The impact of these trends is dramatic and far-reaching, if not immediately obvious. It has a significant impact on our health—loneliness increases the odds of an early death by 26 per cent. Some research suggests it is as harmful as smoking a pack of cigarettes a day and is twice as deadly as obesity.
But more importantly, it also affects our society. Loneliness is actually contagious—when you withdraw from your connections, they in turn begin to feel disconnected. And, this is where it gets interesting, when people become lonelier, they feel more and more alienated and are less likely to be able to read social cues, further disrupting the community around them. What is worse, when people fail to connect, research shows they can get more insensitive and more aggressive. According to Emily White, a Canadian who has published two books on the subject, the lonelier you are the more you see other people as threatening. You even get dumber, vocabulary drops and you find it harder to focus.
When I began reading about what some are calling the “loneliness crisis,” I was surprised at its extent, and its effects. But what really struck me was the fact that the loneliest demographic tends to be older, white males. Not coincidentally, this is the segment of society that feels more alienated, and is angrier and more fearful than any other. Their rate of suicide is among the highest, and rising, while most others are falling.

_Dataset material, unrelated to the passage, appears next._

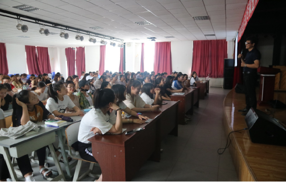 沈阳市营养师协会执行会长黄成超老师用通俗易懂的语言为师生介绍了饮食常见问题、如何正确饮食,以及特殊膳食一些注意事项等。黄老师还着重介绍了演讲所需的六大要素和“营养讲师大赛”的部分事项。

And, as we have seen recently, this is also the segment of society that is most attracted to the pessimistic, isolationist, intolerant, angry, right-wing politics of Brexit, Donald Trump, or France’s Marine Le Pen. Is it possible that one of the reasons western politics has shifted so dramatically in the last decade is because white men are lonely? I admit it seems absurd, even to me as I write this, but when you go back and look at the numbers, there is a startling correlation.
What do we do with this theory? I’m not sure. But it may help us to see the politics of the Trump voter and the Rebel Media supporter differently. Much has already been written about their economic alienation, their “Hillbilly Elegy”. Maybe, in order to better understand this part of our society, we need to see them less as a voting bloc and more as individuals, isolated and disconnected.